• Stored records
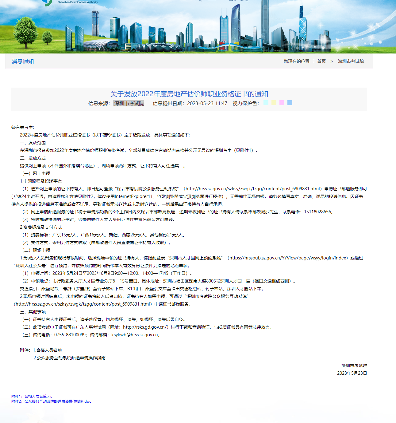 關(guān)于發(fā)放2022年度深圳房地產(chǎn)估價(jià)師職業(yè)資格證書的通知
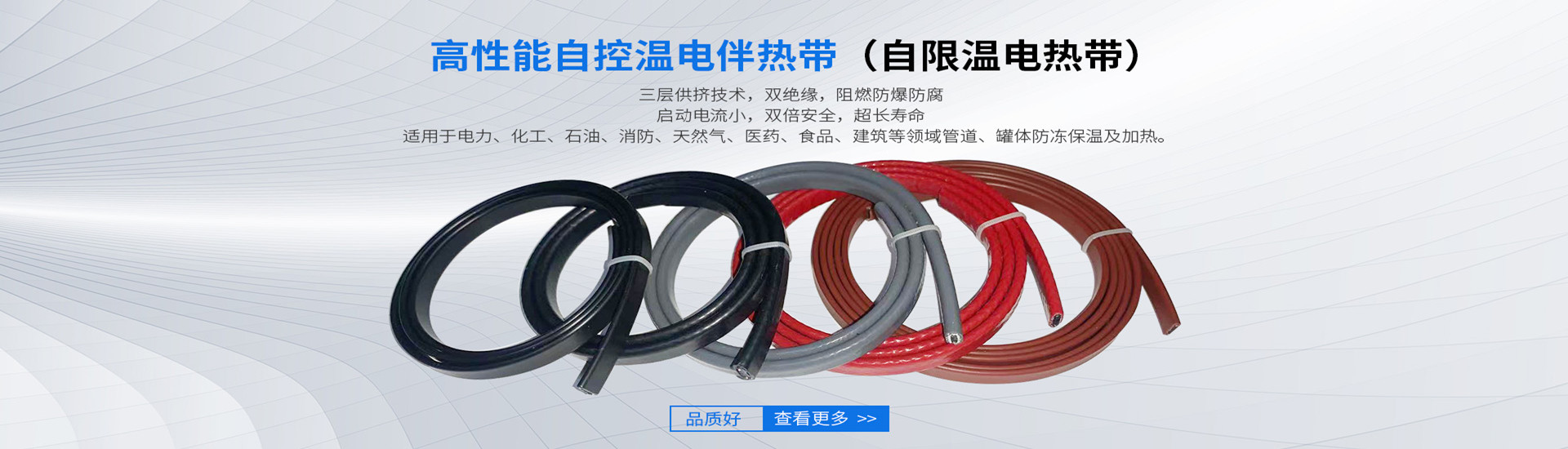 南京名尊電纜有限公司位于風景秀麗的南京市沿江工業開發區內,毗鄰國家級高新技術開發區,水陸交通非常便利。公司具有成套生產設備;完善的檢驗和檢測系統;為客戶提供各類管道及其他電伴熱工程的咨詢、設計、安裝、維護等一系列完善的服務。
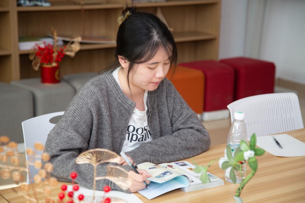 活動中,同學們在現場挑選自己感興趣的心理書籍進行閱讀,如《天才在左瘋子在右》、《大五人格心理學》等,伴隨著輕柔的舒緩音樂,同學們沉浸在書海中,享受閱讀帶來的放松和愉悅。同時,現場工作人員為參與者分發紙張、畫筆、貼紙等材料,讓同學們在閱讀的過程中,隨心隨意制作屬于自己的閱讀手賬,將書中有趣的段落、自己的感悟寫到紙張上,體驗閱讀與制作的樂趣,記錄這一刻的美好。
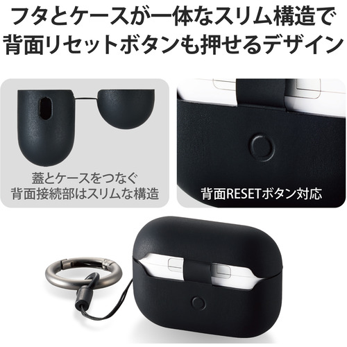 ●蓋と本体ケースをつなぐ接続部がスリムでワイヤレス充電時の効率を下げず、やわらかいシリコンでしっかり守るAirPods Pro (第2世代)用シリコンケース。
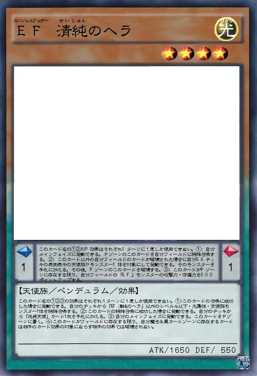 | このカード名の①②③の効果はそれぞれ1ターンに1度しか使用できない。①:このカードの召喚に成功した場合に発動できる。自分のデッキから「EF 清純のヘラ」以外のレベル4以下・光属性・天使族モンスター1体を特殊召喚する。②:このカードの特殊召喚に成功した場合に発動できる。自分のデッキから「迅装天使」カード1枚を手札に加える。③:自分のメインフェイズに発動できる。このカードをPゾーンに置く。④:このカードがフィールドに存在する限り、自分魔法&罠カードゾーンに存在するカードは相手のカード効果の対象にならず相手の効果では破壊されない。 | |||
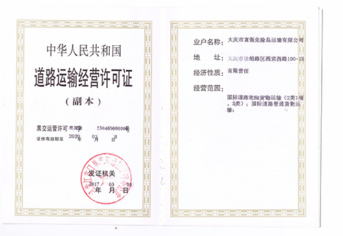 2017年7月18日,中俄總理第二十一次會晤會議上我公司被確定為中俄兩國開展危險品公路過境運輸**試運行企業。為了保證**道路運輸**,我公司按歐洲標準重新訂購了60輛液化石油氣危險品運輸車輛,已有16輛車落戶并辦理完成了**道路運輸營運證,**聯運資質車輛證照齊全。
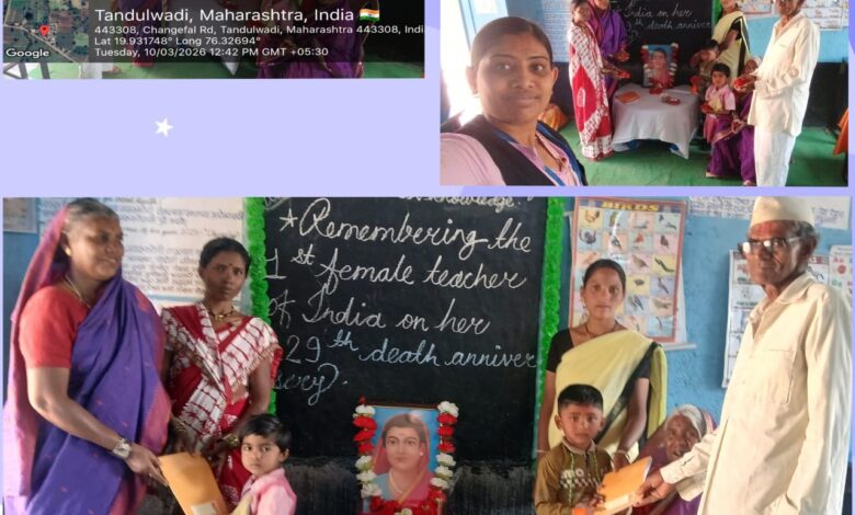 या मंगलमयी प्रसंगी अंगणवाडीच्या सेविका प्रिया तेजकोर प्रकाश खरात यांनी सावित्रीमाईंच्या जीवनपटावर प्रकाश टाकला. त्यांना मदतनीस सौ. साधना राजरत्न खरात यांनी मोलाचे सहकार्य केले. कार्यक्रमात चिमुकल्या विद्यार्थ्यांनीही ‘सावित्री फुले यांच्या बद्दल कृतज्ञता व्यक्त केली. यावेळी विद्यार्थी: कोहिनूर खरात, वेदिका नागरे तसेच पालक वर्ग: धोंडिबा नागरे, दरूबाई खरात, सुनिता खरात आणि जागृती काळे उपस्थित होते.केवळ औपचारिकता न पाळता, सावित्रीबाईंच्या विचारांचा वारसा पुढे नेण्याचा संकल्प यावेळी पालक आणि सेविकांनी केला. ग्रामीण भागातील मुलींच्या शिक्षणासाठी सावित्रीमाईंचे कार्य आजही प्रेरणादायी असल्याचे मत उपस्थित पालकांनी व्यक्त केले. अत्यंत साध्या पण प्रभावी पद्धतीने पार पडलेल्या या कार्यक्रमाने तांदुळवाडी परिसरात ज्ञानाचा जागर पुन्हा एकदा प्रज्वलित केला आहे.
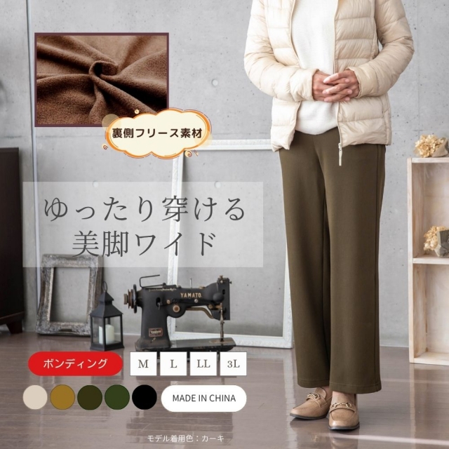 きれいめな風合いの表地、裏地は暖かいフリース素材のワイドパンツです。
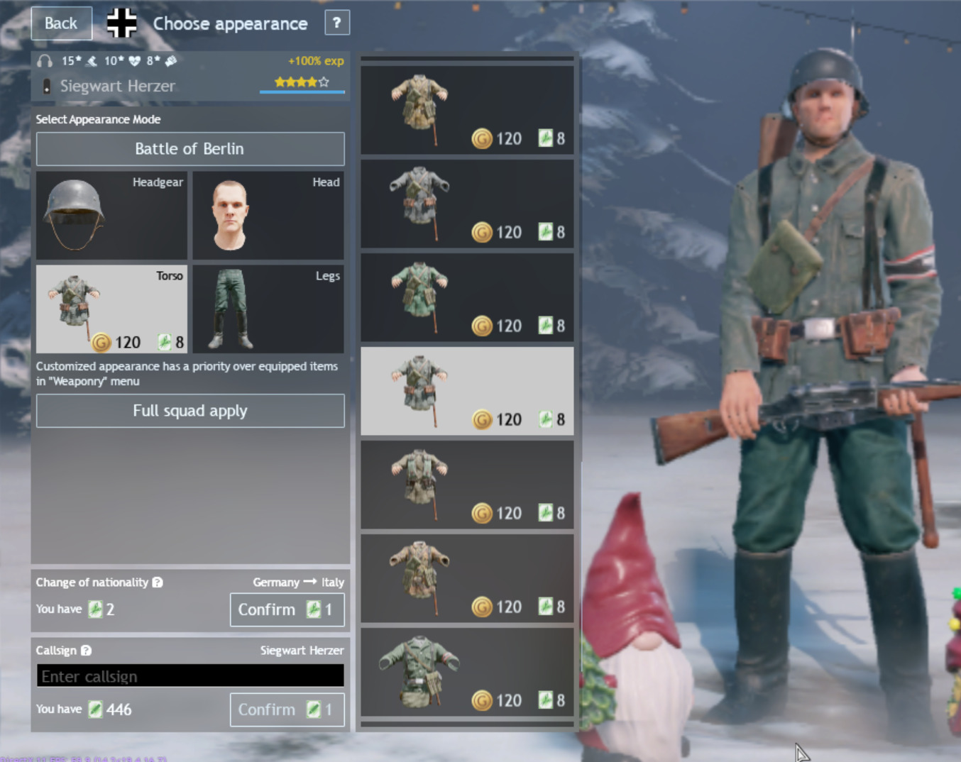 - Adjusted the default uniform and added additional customization options for the Gerät 03 (Germany, Premium), Kbsp wz.38M (Germany, Premium), KS 750 (Germany, Premium) and Horn StG (Germany, Event) squads in multiple campaigns.
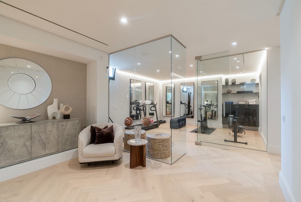 A standout feature of this home is its fully fitted luxury basement, offering a private retreat for wellness and entertainment. This level includes a state-of-the-art home cinema, professionally equipped gym, steam bath, and an elegant bar and lounge area, designed for relaxation, recreation, and hosting in style.
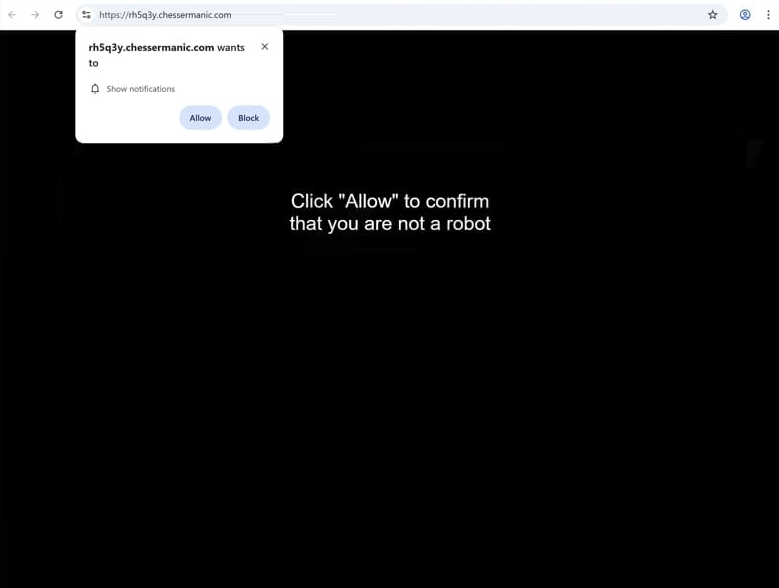 chessermanic.com is a scam website that tricks visitors into enabling desktop ads. The site prompts the browser to show the “chessermanic.com wants to show notifications” alert, and clicking “Allow” will result in ads on the desktop. This “show notifications” feature is legitimate, and granting a site permission allows the site to display notifications on your desktop. However, when permission is given to sites like chessermanic.com, the notifications are ads, some of which could be harmful by exposing you to malware or scams. If chessermanic.com has permission, it’s important to revoke it immediately through your browser’s settings. Instructions can be found at the end of the report in case you need help.
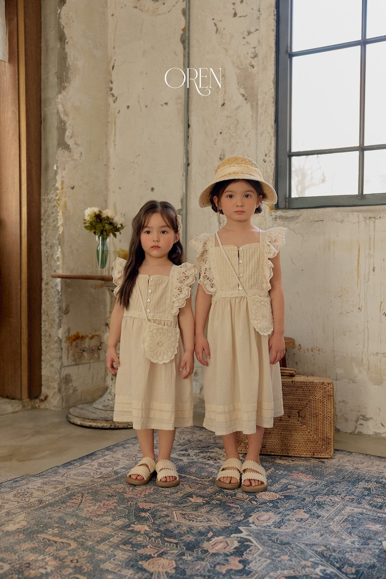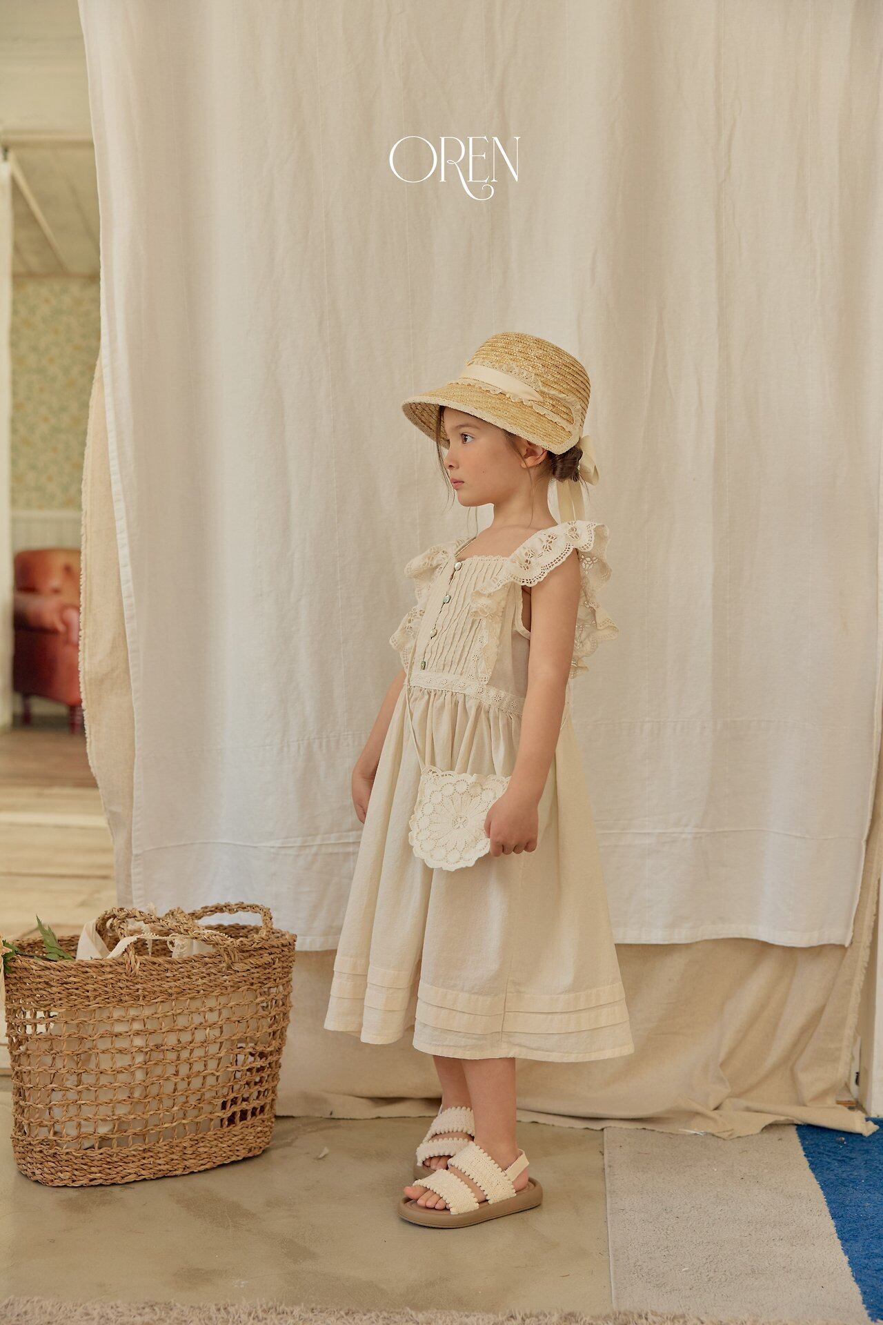 軽やかなコットン素材にたっぷりとあしらわれたレースフリルが動きに合わせてやさしく揺れ愛らしさと優雅さを引き立てます。

• TASK GOAL
A word-for-word copy of the records above is needed, pictures excluded.

• THE COMPLETED TASK
 關(guān)于發(fā)放2022年度深圳房地產(chǎn)估價(jià)師職業(yè)資格證書的通知
 南京名尊電纜有限公司位于風景秀麗的南京市沿江工業開發區內,毗鄰國家級高新技術開發區,水陸交通非常便利。公司具有成套生產設備;完善的檢驗和檢測系統;為客戶提供各類管道及其他電伴熱工程的咨詢、設計、安裝、維護等一系列完善的服務。
 活動中,同學們在現場挑選自己感興趣的心理書籍進行閱讀,如《天才在左瘋子在右》、《大五人格心理學》等,伴隨著輕柔的舒緩音樂,同學們沉浸在書海中,享受閱讀帶來的放松和愉悅。同時,現場工作人員為參與者分發紙張、畫筆、貼紙等材料,讓同學們在閱讀的過程中,隨心隨意制作屬于自己的閱讀手賬,將書中有趣的段落、自己的感悟寫到紙張上,體驗閱讀與制作的樂趣,記錄這一刻的美好。
 ●蓋と本体ケースをつなぐ接続部がスリムでワイヤレス充電時の効率を下げず、やわらかいシリコンでしっかり守るAirPods Pro (第2世代)用シリコンケース。
 | このカード名の①②③の効果はそれぞれ1ターンに1度しか使用できない。①:このカードの召喚に成功した場合に発動できる。自分のデッキから「EF 清純のヘラ」以外のレベル4以下・光属性・天使族モンスター1体を特殊召喚する。②:このカードの特殊召喚に成功した場合に発動できる。自分のデッキから「迅装天使」カード1枚を手札に加える。③:自分のメインフェイズに発動できる。このカードをPゾーンに置く。④:このカードがフィールドに存在する限り、自分魔法&罠カードゾーンに存在するカードは相手のカード効果の対象にならず相手の効果では破壊されない。 | |||
 2017年7月18日,中俄總理第二十一次會晤會議上我公司被確定為中俄兩國開展危險品公路過境運輸**試運行企業。為了保證**道路運輸**,我公司按歐洲標準重新訂購了60輛液化石油氣危險品運輸車輛,已有16輛車落戶并辦理完成了**道路運輸營運證,**聯運資質車輛證照齊全。
 या मंगलमयी प्रसंगी अंगणवाडीच्या सेविका प्रिया तेजकोर प्रकाश खरात यांनी सावित्रीमाईंच्या जीवनपटावर प्रकाश टाकला. त्यांना मदतनीस सौ. साधना राजरत्न खरात यांनी मोलाचे सहकार्य केले. कार्यक्रमात चिमुकल्या विद्यार्थ्यांनीही ‘सावित्री फुले यांच्या बद्दल कृतज्ञता व्यक्त केली. यावेळी विद्यार्थी: कोहिनूर खरात, वेदिका नागरे तसेच पालक वर्ग: धोंडिबा नागरे, दरूबाई खरात, सुनिता खरात आणि जागृती काळे उपस्थित होते.केवळ औपचारिकता न पाळता, सावित्रीबाईंच्या विचारांचा वारसा पुढे नेण्याचा संकल्प यावेळी पालक आणि सेविकांनी केला. ग्रामीण भागातील मुलींच्या शिक्षणासाठी सावित्रीमाईंचे कार्य आजही प्रेरणादायी असल्याचे मत उपस्थित पालकांनी व्यक्त केले. अत्यंत साध्या पण प्रभावी पद्धतीने पार पडलेल्या या कार्यक्रमाने तांदुळवाडी परिसरात ज्ञानाचा जागर पुन्हा एकदा प्रज्वलित केला आहे.
 きれいめな風合いの表地、裏地は暖かいフリース素材のワイドパンツです。
 - Adjusted the default uniform and added additional customization options for the Gerät 03 (Germany, Premium), Kbsp wz.38M (Germany, Premium), KS 750 (Germany, Premium) and Horn StG (Germany, Event) squads in multiple campaigns.
 A standout feature of this home is its fully fitted luxury basement, offering a private retreat for wellness and entertainment. This level includes a state-of-the-art home cinema, professionally equipped gym, steam bath, and an elegant bar and lounge area, designed for relaxation, recreation, and hosting in style.
 chessermanic.com is a scam website that tricks visitors into enabling desktop ads. The site prompts the browser to show the “chessermanic.com wants to show notifications” alert, and clicking “Allow” will result in ads on the desktop. This “show notifications” feature is legitimate, and granting a site permission allows the site to display notifications on your desktop. However, when permission is given to sites like chessermanic.com, the notifications are ads, some of which could be harmful by exposing you to malware or scams. If chessermanic.com has permission, it’s important to revoke it immediately through your browser’s settings. Instructions can be found at the end of the report in case you need help.
 軽やかなコットン素材にたっぷりとあしらわれたレースフリルが動きに合わせてやさしく揺れ愛らしさと優雅さを引き立てます。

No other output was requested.